Девчонка незаметно для нас исчезла в мелочной жизни бабьего мира, а мальчишки, на удивление ловкие и спортивные, минуя скамейку запасных, сразу вошли в наши игры. Они, также как и мы, азартно гоняли сшитый из тряпок мячик, который с первых ударов утрачивал свою округлую форму, но от этого не переставал притягивать к себе голые, по-мужицки заскорузлые ноги. Летом их обували в сандалии лишь интеллигентские дети, вынужденные подчиняться жестокому родительскому диктату. Эти же двое, как только началось раннее азиатское лето, своими голыми пятками ещё более закрепили уважение всего двора. Голые пятки были неосознанной гордостью ребят послевоенной поры. О йогах они ничего не знали, но если бы надо было пройтись босиком по битому стеклу, – прошли бы, не поранив свои задубевшие пятки-подмётки. Они были немифическими Ахиллесами, и мать-земля давала им, недокормленным оборвышам, силы противостоять простудам и скарлатинам. Такие пятки надо было заработать.

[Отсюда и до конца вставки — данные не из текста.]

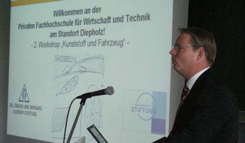 Am 13.6.2009 fand an der Privaten Fachhochschule für Wirtschaft und Technik am Standort Diepholz der 2. Workshop zur Themenstellung "Kunststoff und Fahrzeug" statt. Professor Kersten, Präsident der Privaten Fachhochschule für Wirtschaft und Technik, begrüßte ca. 100 Personen aus den Landkreisen Diepholz, Vechta, Osnabrück, Oldenburg und Cloppenburg zu dieser Veranstaltung. Professor Carsten Bye (Bild), der für die Durchführung der Veranstaltung verantwortlich war und durch den Tag führte, hatte 4 Experten aus dem Bereich der Kunststoffherstellung und -verarbeitung nach Diepholz eingeladen, um den interessierten Zuhörern aus deren Aufgabenfeld zu berichten. Werkstoffentwicklungen und Werkzeugauslegung Dr. Templin aus dem Hause der Elastogran berichtete über aktuelle Werkstoffentwicklungen aus dem BASF-Konzern. Interessante Ansätze konnten im Rahmen des Vortrags gerade im Bereich des Leichtbaus und der Reduzierung von Energie aufgezeigt werden. Etwas spezieller wurde es dann, als Rudolf Hein aus der Praxis seiner Beratungstätigkeit im Rahmen von Optimierungsprozessen für die Werkzeugauslegung für Kunststoffbauteile berichtete. Hein ist Geschäftsführer des gleichnamigen Konstruktionsbüros und konnte mit Beispielen aus der Praxis überzeugend darlegen, welche Möglichkeiten heute die Finite Elemente Berechnung im Bereich der Simulation von Schrumpfung und Verzug bietet. Stahlwerkstoffe für den Formenbau Nach einer gemeinsamen Mittagspause mit der Möglichkeit des Gespräches und der Stärkung am Buffet berichtete Herr K. Haus aus München aus dem Alltag der STM Stahl-Vertriebs GmbH. Hau gilt als Experte für unterschiedliche Stahlwerkstoffe, die bei der Herstellung von Werkzeugen zur Kunststoffbauteilherstellung eingesetzt werden. Schon heute und auch zukünftig werden immer anspruchsvollere Werkzeugstähle für den Formenbau benötigt, weil beispielsweise Kunststoffe verarbeitet werden, die mit Glasfasern zur Festigkeitssteigerung durchmischt sind. Diese Glasfasern haben während der Verarbeitung den Nachteil, dass sie den Werkzeugstahl stark verschleißen und schon nach kurzer Zeit müssen dann Nacharbeiten am Werkzeug erfolgen. Hier stellte Hau neue Werkstoffkonzepte vor, die diesem Problem begegnen und Lösungen anbieten. Klebtechnik für Kunststoffe Zum Ende der Vortragsveranstaltung zeigte Dipl.-Ing. M. Peschka vom Fraunhofer Institut für Fertigungstechnik und Angewandte Materialforschung aus Bremen auf, welche Möglichkeiten die moderne Klebtechnik auch für Kunststoffe bietet. Peschka zeigte deutlich auf, dass es den Universalklebstoff, wie wir ihn aus der Werbung kennen, nicht geben kann. Für jede Anwendung gibt es spezielle Lösungen und entsprechende Klebstoffe. Werden bei der Verarbeitung des Klebstoffes die notwendigen Verarbeitungshinweise berücksichtigt, dann hält die Klebverbindung, versicherte Peschka. Zum Ende der Veranstaltung bedankte sich Prof. Bye bei den Referenten und den Gästen der Veranstaltung. Besonderer Dank galt der Dr. Jürgen und Irmgard Ulderup-Stiftung und der Hans-Georg-Ring-Stiftung, die durch ihre Unterstützung ermöglichten, dass die Teilnahme an der Vortragsveranstaltung für die Teilnehmer kostenfrei war. Vortragsfolien zum Download Die Folien der einzelnen Vorträge stehen noch bis zum 19.7.2009 auf der Homepage der FHWT (www.fhwt.de) zum Download bereit. Für den Download ist eine Anmeldung mit dem Benutzernamen: Workshop und der Angabe des Kennworts: FHWT09 erforderlich. |

Однажды я, не желая больше терпеть свою обделённость, добился всё же от матери высокого права – ходить по земле босиком. В тот же день мне выпало жестокое испытание: моя компания отправилась на Иртыш, берег которого был отодвинут и отторжен от нашего дома территорией ТЭЦ. «Я рос в тени завода» – писал известный советский поэт. Я же рос в дымной тени теплоэлектроцентрали. Корпус с четырьмя чёрными сигаретами-трубами, с круглыми окнами-иллюминаторами в верхнем этаже, что, конечно же, в нашем воображении превращало его в морской корабль, возвышался над всей округой. Крутой протяжный гудок этого корабля будил и взрослых, и нас ровно в семь, в полвосьмого двумя гудками подстёгивал отстающих, а в восемь выталкивал нас в школу. Когда его отменили, стало как-то скучно. Но оставался вечный и таинственный гуд турбин, густой и ровный, который мы давно уже перестали слышать. И оставалась угольная крошка, которая возникала из ничего, из дыма, и сыпалась на наш посёлок сверху, как манна небесная, когда менялась «роза ветров». Она покрывала чёрной вуалью свежевыстиранное бельё, и как-то по неведению мама, увидев это безобразие, бросилась перестирывать его. Хорошо, что соседка поделилась с ней опытом местных хозяек, которые давали белью просохнуть, после чего встряхивали его, и угольная крошка слетала с ткани, не нарушив её первозданной белизны. Хуже было, если она попадала в глаз: он ощущал всю многогранность мизерного кристалла. Случалось такое часто, и почти каждый из нас научился выворачивать верхнее веко на расчёску, и с его жутко обнажённой красной поверхности уголком далеко несвежего и редкого среди нас платочка (как, впрочем, редкой была и расчёска) снимать чёрный осколок.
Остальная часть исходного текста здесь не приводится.